Patients over the age of 65 are significantly more sensitive to the effects of zolpidem. According to the Beers Criteria (a guideline for safe medication use in the elderly), zolpidem is listed as a potentially inappropriate medication because it increases the risk of falls, hip fractures, and motor vehicle accidents. If it must be used, the lowest possible dose (5 mg) should be prescribed, and the patient should be monitored for cognitive changes or 'sundowning' (increased confusion in the evening).
In patients with end-stage renal disease or those undergoing hemodialysis, the pharmacokinetics of zolpidem are not significantly altered. No specific dose adjustment is required based solely on renal function, although general caution in medically fragile patients is advised.
In patients with hepatic cirrhosis, the peak plasma concentration (Cmax) and area under the curve (AUC) of zolpidem are significantly increased, and the half-life is prolonged to approximately 10 hours (compared to 2.5 hours in healthy adults). Dosage must be reduced to 5 mg (IR) or 6.25 mg (ER) in patients with mild to moderate hepatic impairment. It is contraindicated in severe hepatic impairment.

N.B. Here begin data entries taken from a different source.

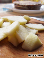 Я для начинки использовала тоже яблоки. Яблоко очистить от кожуры, нарезать и обжарить на сливочном масле. В конце подлить 2 ч.л. коньяка и присыпать сахаром. -
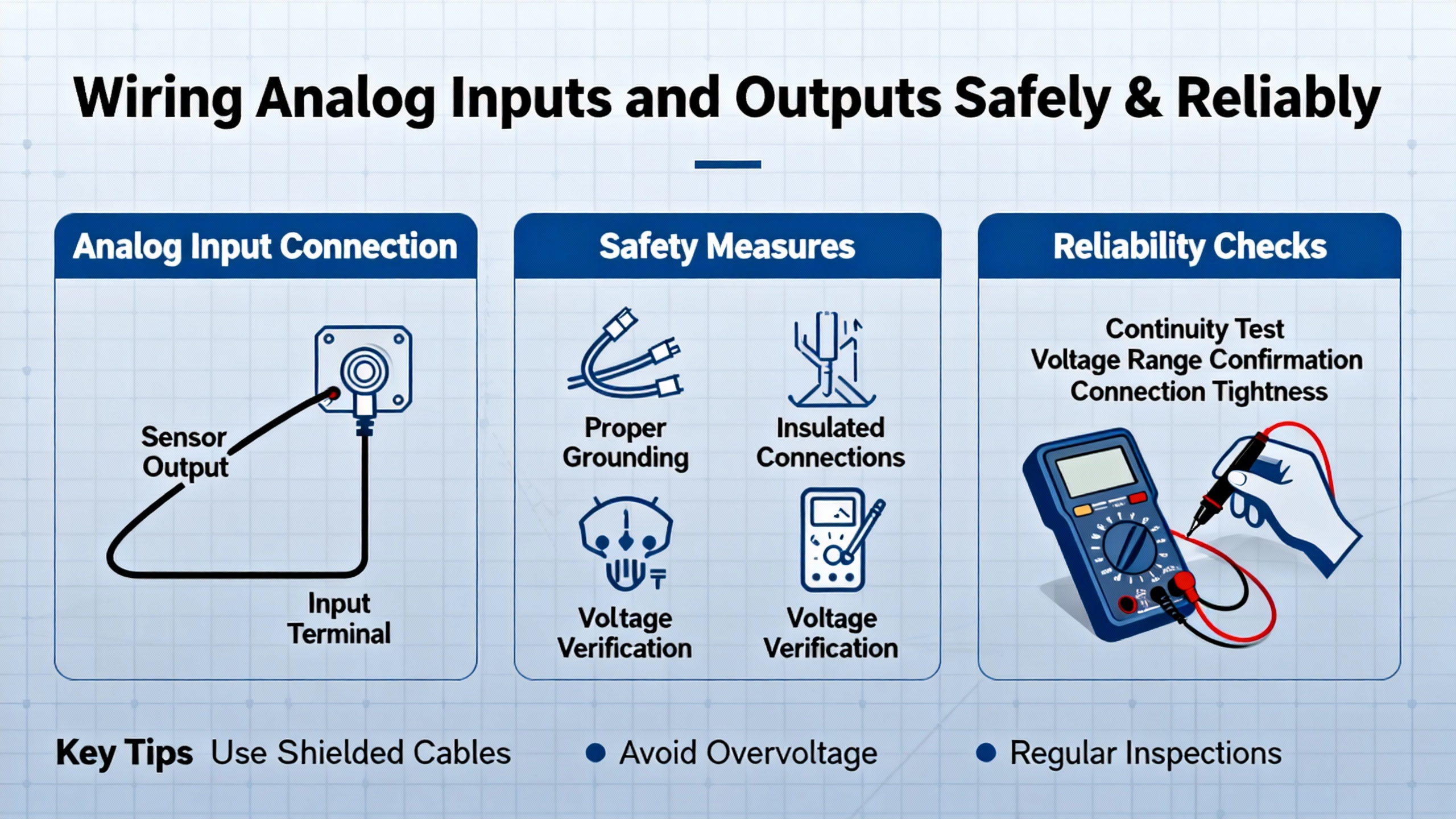 In my own commissioning work, I use a three鈥憇tep discipline on analog channels that echoes this example. I confirm the field device output type from its datasheet and wiring diagram, I confirm that the module channel is configured for the same type and range, and then I use a calibrator to step the input from low, through mid, to high and verify that the raw counts or engineering units match the expected pattern. Any unexplained clipping, half鈥憇cale, or offset tells me that the wiring, configuration, or scaling calculation does not match the design intent.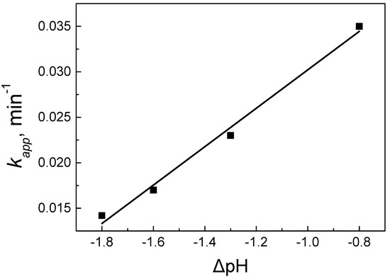 Therefore, the net influence of pH on oxidation should be derived from the subtraction of the two pH values between the adsorption and oxidation processes. Indeed, the linear correlation between the kapp and ΔpH, as presented in Figure 7, confirms the assumption.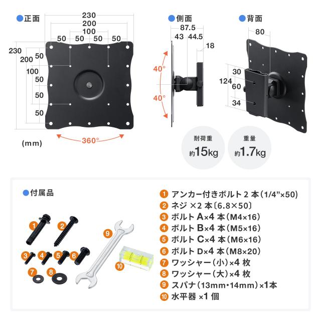 ⇒ご購入の前にご確認下さい最大42インチまで、15kgまでのモニター・テレビを設置できる、壁掛け金具。家庭やオフィス、店舗など、どこでも簡単に壁へモニターを設置でき、回転、上下角度調整も可能。【WEB限定商品】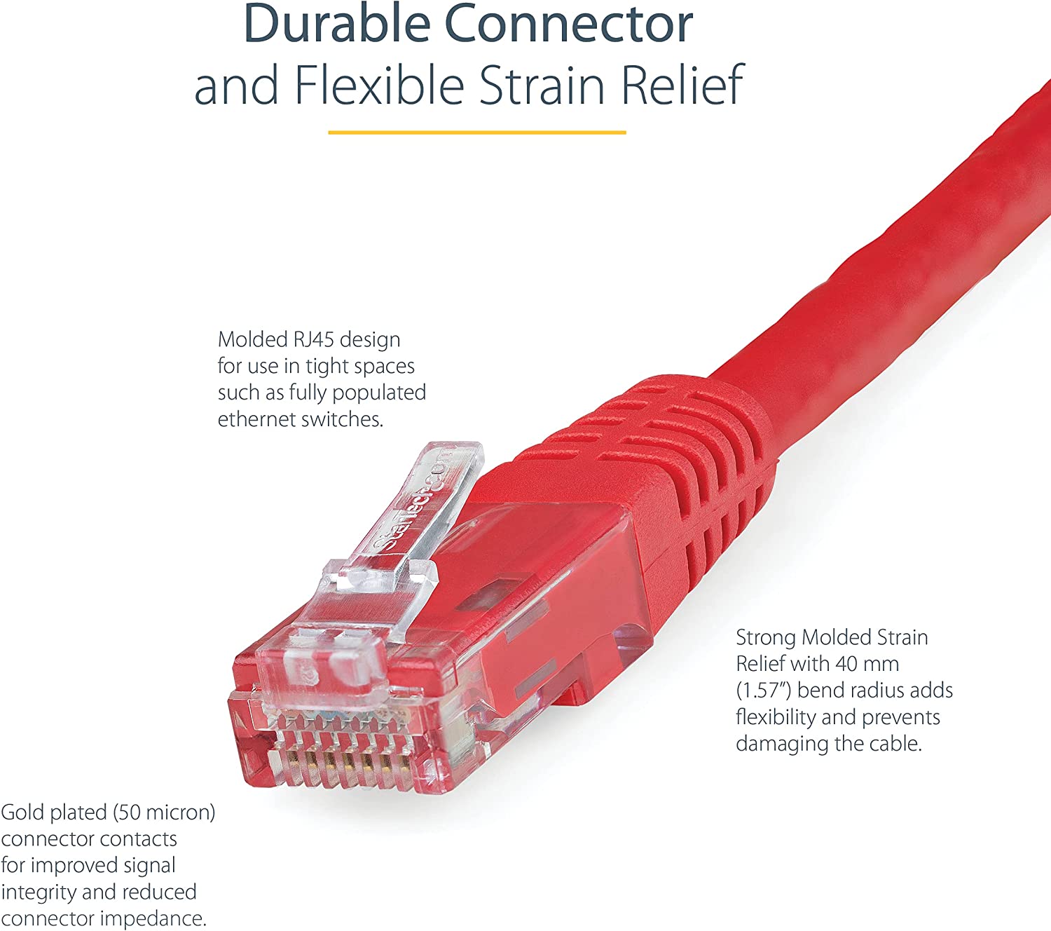 50 Mikron vergoldete Kontakte. Dieses geformte Patchkabel bietet hochwertige Stecker aus 50 Mikron Gold, um optimale Leitfähigkeit zu bieten und Signalverlust durch Oxidation oder Korrosion zu vermeiden.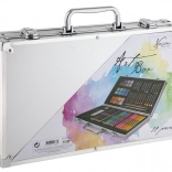 Zestaw zawiera 79 elementów, w tym farby akwarelowe, kredki, pędzle, gumkę i temperówkę do wszelkich potrzeb artystycznych.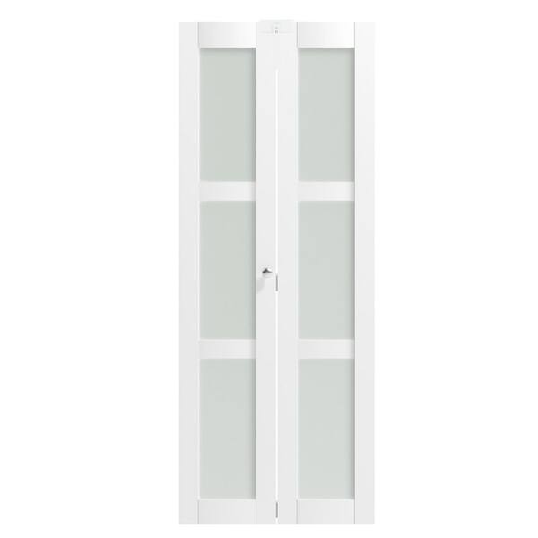 30 in. x 80 in. 3-Lite Frosted Glass Solid Core White PVC Covering MDF Bi-fold Doors with Locks and Handles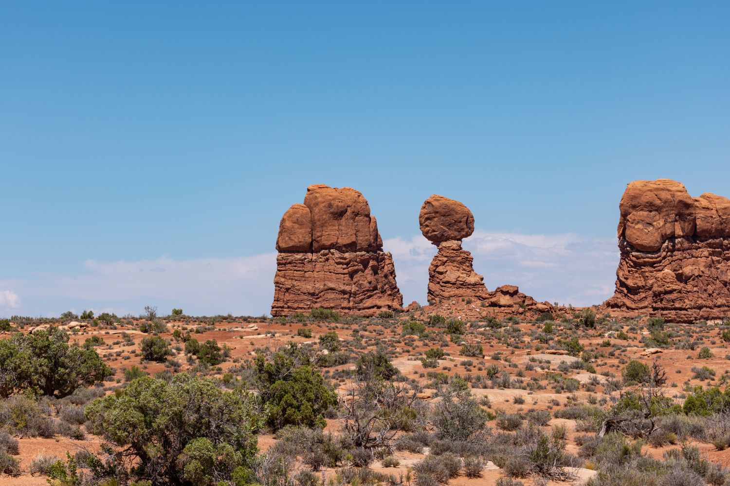 Balanced Rock is one of the most recognizable landmarks in Arches National Park. It stands at roughly 128 feet tall, with the upper boulder weighing an estimated 3,600 tons — all held in place by erosion-carved sandstone that will one day collapse as weathering continues. Like many features in Arches, it exists only temporarily on a geological timescale, carved by uplift, freeze-thaw cycles, and countless years of wind and water.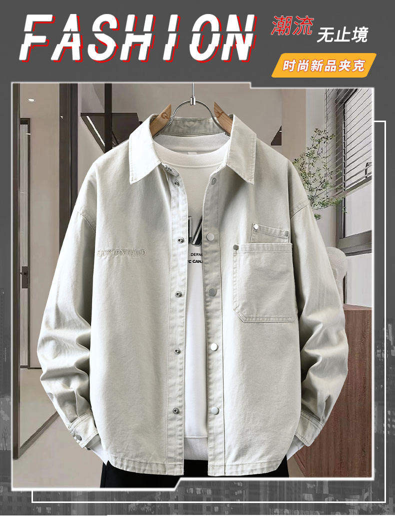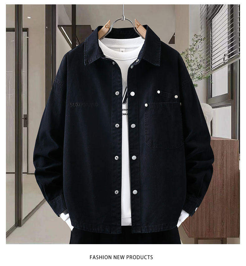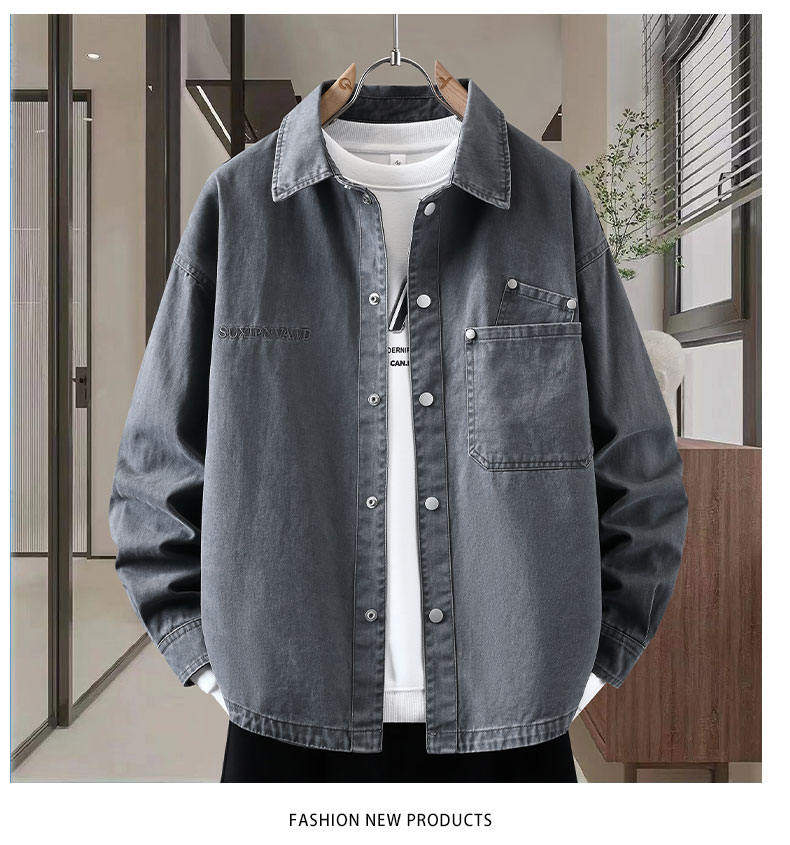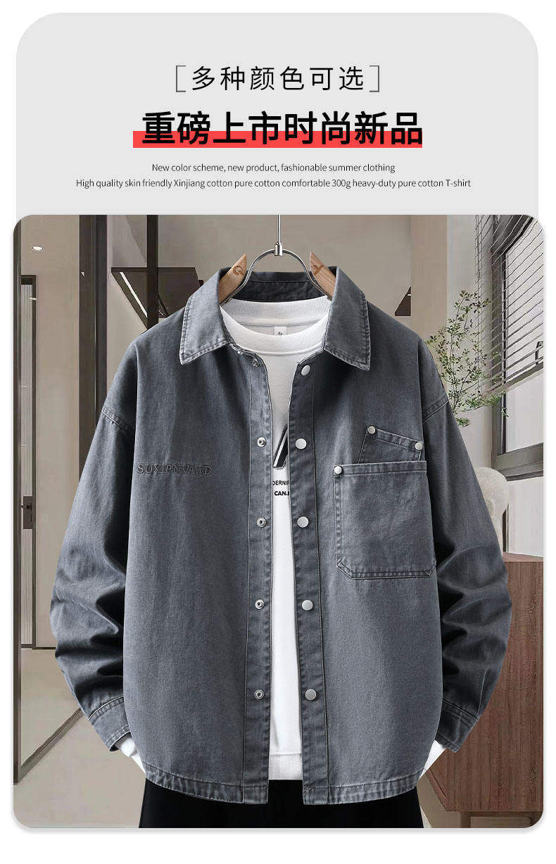 純棉牛仔外套男春秋季2025新款美式復古襯衫式夾克痞帥寬鬆上衣服
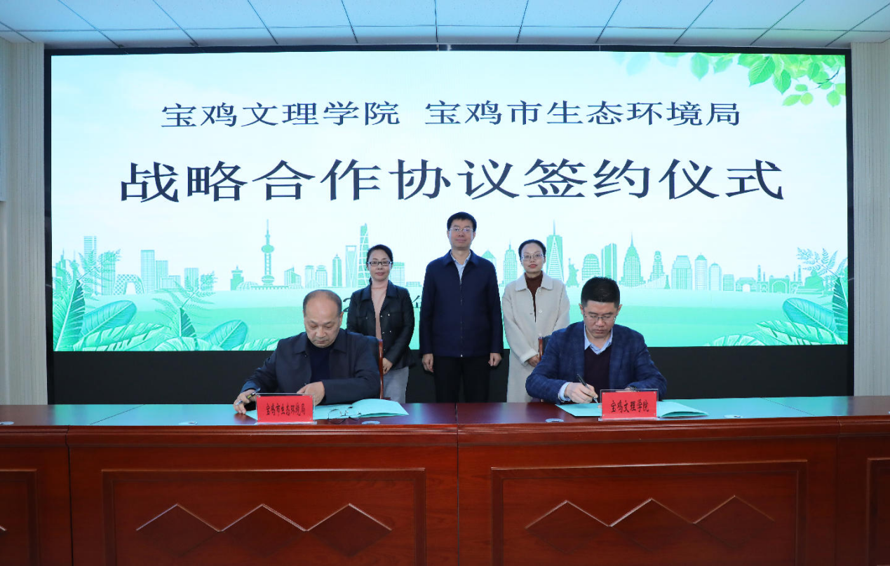 11月18日上午,bat365与宝鸡市生态环境局签订战略合作协议。宝鸡市委常委、副市长高宏真,bat365党委副书记、校长李景宜,副校长凡明锦出席签约仪式。签约仪式由宝鸡市政府副秘书长张海峰主持。

> Important: Special populations require individualized medical assessment and frequent follow-up to ensure the medication remains safe and effective.
| Parameter | Value |
|---|---|
| Bioavailability | ~70% |
| Protein Binding | 92.5% |
| Half-life | 2.5 - 3.0 hours |
| Tmax | 1.6 hours (IR); 1.5 hours (ER) |
| Metabolism | Hepatic (CYP3A4 primary) |
| Excretion | Renal 56%, Fecal 37% |
Zolpidem is classified as a Non-Benzodiazepine Sedative-Hypnotic, often referred to as a 'Z-drug.' Other medications in this therapeutic class include Zaleplon (Sonata) and Eszopiclone (Lunesta). While they share a similar mechanism of action to benzodiazepines (like Temazepam), their chemical structures are distinct, and they are generally preferred for the treatment of insomnia due to their shorter half-lives and lower risk of disrupting sleep architecture.